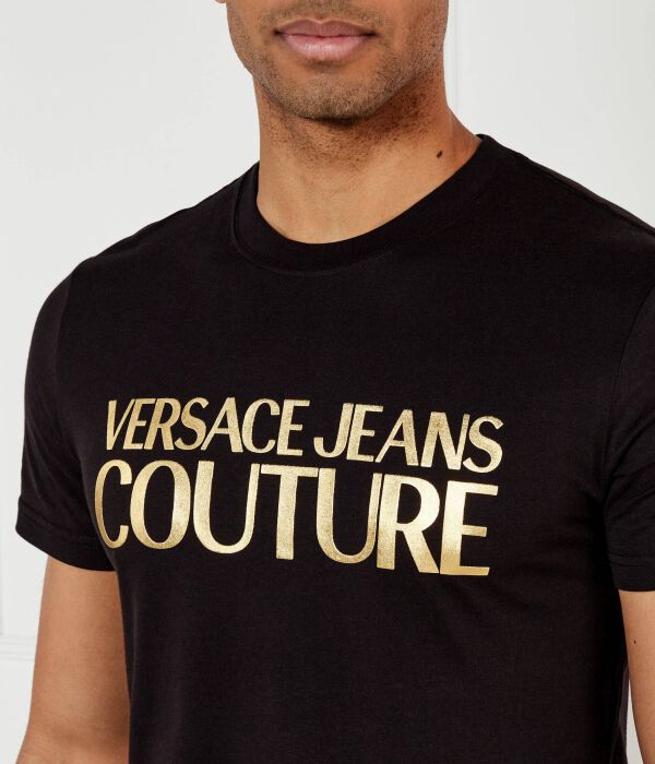 Футболка мужская Versace Jeans Couture облегающего кроя с золотым принтом, черный
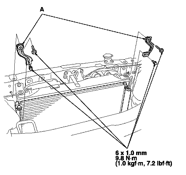 5. Remove the bolts and the A/C condenser upper mount brackets (A).
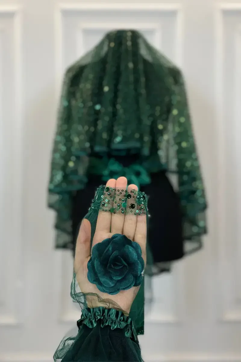Zumrad yashil rangdagi haqiqiy Vip kelinlik duvagi to'plami sizning orzuingizdagi xina kechasi va to'yingiz uchun mo'ljallangan, ko'zni qamashtiruvchi tanlovdir. Ushbu ajoyib to'plam ZEYMERADE tomonidan ehtiyotkorlik bilan tayyorlangan bo'lib, maxsus kunlaringizda sizni yulduz kabi porlaydi. To'liq payet, boncuk va marvarid detallari bilan bezatilgan, jozibali dizayni bilan ajralib turadigan ushbu to'plam, haqiqiy va zamonaviy chiziqlarni birlashtirib, noyob ko'rinishni taqdim etadi. Xina duvagi, xina yopinchig'i va kelinlik duvagi to'plami sifatida ishlatishingiz mumkin bo'lgan ushbu mahsulot, xina kechasi, to'y, nikoh, unashtiruv, sovchilik, bachadon bayrami kabi maxsus lahzalaringizda nafisligingiz va uslubingizni namoyon qiladi. Sep tayyorlash uchun ajralmas bo'lgan ushbu to'plam, sandig'ingizning eng qimmatli qismlaridan biri bo'lishga nomzod. Kuyov, kelin, kuyovjo'ra, o'rtoq va sunnat buyumlari aksessuarlari uchun do'konimizga tashrif buyurib, boshqa maxsus dizaynlarimizni ham ko'rishingiz mumkin. Yorqin porlayotgan ushbu maxsus to'plam, fotosuratlaringizda va maxsus xotiralaringizda unutilmas iz qoldiradi. Zumrad yashilining olijanobligini o'zida mujassam etgan ushbu duvak to'plami, maxsus dizayndagi qo'lqoplar va qo'l gullari bilan to'liq uyg'unlikda taqdim etiladi. O'zingizni maxsus his qilish va unutilmas tajribaga ega bo'lish uchun ushbu noyob to'plamni tanlang. Ushbu to'plam bilan siz nafaqat duvak, balki san'at asarini ham olib yurasiz. Har bir detalida ehtiyotkorlik va aniqlik mujassam bo'lgan ushbu dizayn, an'anaviy naqshlarni zamonaviy talqin bilan birlashtirib, sizga o'ziga xos va nafis ko'rinish beradi. Xina kechangizda va to'yingizda barcha ko'zlar sizda bo'lishini ta'minlaydigan ushbu maxsus to'plam, yaqinlaringiz bilan birga o'tkazadigan baxtli lahzalaringizni yanada mazmunli qiladi. Zumrad yashil rangdagi haqiqiy Vip kelinlik duvagi to'plami bilan unutilmas boshlanishga qadam qo'ying.
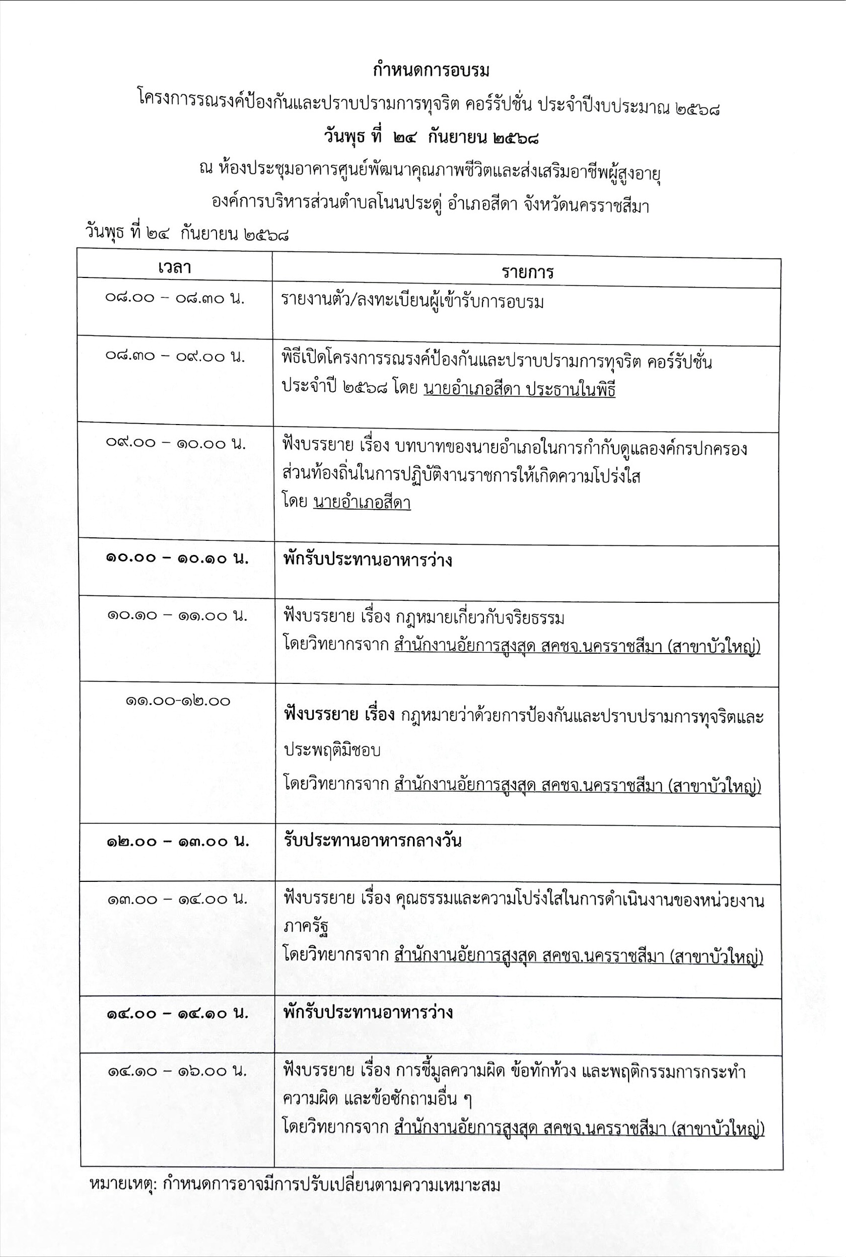 ขอเชิญเข้าร่วมโครงการรณรงค์ป้องกันและปราบปรามการทุจริต คอร์รัปชั่น ประจำปีงบประมาณ 2568

WHAT THE EXERCISE ASKS
Keep the pictures out and repeat exactly the lines from the beginning of the data through the line that contains "boshlanishga qadam qo'ying.", both ends included.

RESULT
 Футболка мужская Versace Jeans Couture облегающего кроя с золотым принтом, черный
 5. Remove the bolts and the A/C condenser upper mount brackets (A).
Zumrad yashil rangdagi haqiqiy Vip kelinlik duvagi to'plami sizning orzuingizdagi xina kechasi va to'yingiz uchun mo'ljallangan, ko'zni qamashtiruvchi tanlovdir. Ushbu ajoyib to'plam ZEYMERADE tomonidan ehtiyotkorlik bilan tayyorlangan bo'lib, maxsus kunlaringizda sizni yulduz kabi porlaydi. To'liq payet, boncuk va marvarid detallari bilan bezatilgan, jozibali dizayni bilan ajralib turadigan ushbu to'plam, haqiqiy va zamonaviy chiziqlarni birlashtirib, noyob ko'rinishni taqdim etadi. Xina duvagi, xina yopinchig'i va kelinlik duvagi to'plami sifatida ishlatishingiz mumkin bo'lgan ushbu mahsulot, xina kechasi, to'y, nikoh, unashtiruv, sovchilik, bachadon bayrami kabi maxsus lahzalaringizda nafisligingiz va uslubingizni namoyon qiladi. Sep tayyorlash uchun ajralmas bo'lgan ushbu to'plam, sandig'ingizning eng qimmatli qismlaridan biri bo'lishga nomzod. Kuyov, kelin, kuyovjo'ra, o'rtoq va sunnat buyumlari aksessuarlari uchun do'konimizga tashrif buyurib, boshqa maxsus dizaynlarimizni ham ko'rishingiz mumkin. Yorqin porlayotgan ushbu maxsus to'plam, fotosuratlaringizda va maxsus xotiralaringizda unutilmas iz qoldiradi. Zumrad yashilining olijanobligini o'zida mujassam etgan ushbu duvak to'plami, maxsus dizayndagi qo'lqoplar va qo'l gullari bilan to'liq uyg'unlikda taqdim etiladi. O'zingizni maxsus his qilish va unutilmas tajribaga ega bo'lish uchun ushbu noyob to'plamni tanlang. Ushbu to'plam bilan siz nafaqat duvak, balki san'at asarini ham olib yurasiz. Har bir detalida ehtiyotkorlik va aniqlik mujassam bo'lgan ushbu dizayn, an'anaviy naqshlarni zamonaviy talqin bilan birlashtirib, sizga o'ziga xos va nafis ko'rinish beradi. Xina kechangizda va to'yingizda barcha ko'zlar sizda bo'lishini ta'minlaydigan ushbu maxsus to'plam, yaqinlaringiz bilan birga o'tkazadigan baxtli lahzalaringizni yanada mazmunli qiladi. Zumrad yashil rangdagi haqiqiy Vip kelinlik duvagi to'plami bilan unutilmas boshlanishga qadam qo'ying.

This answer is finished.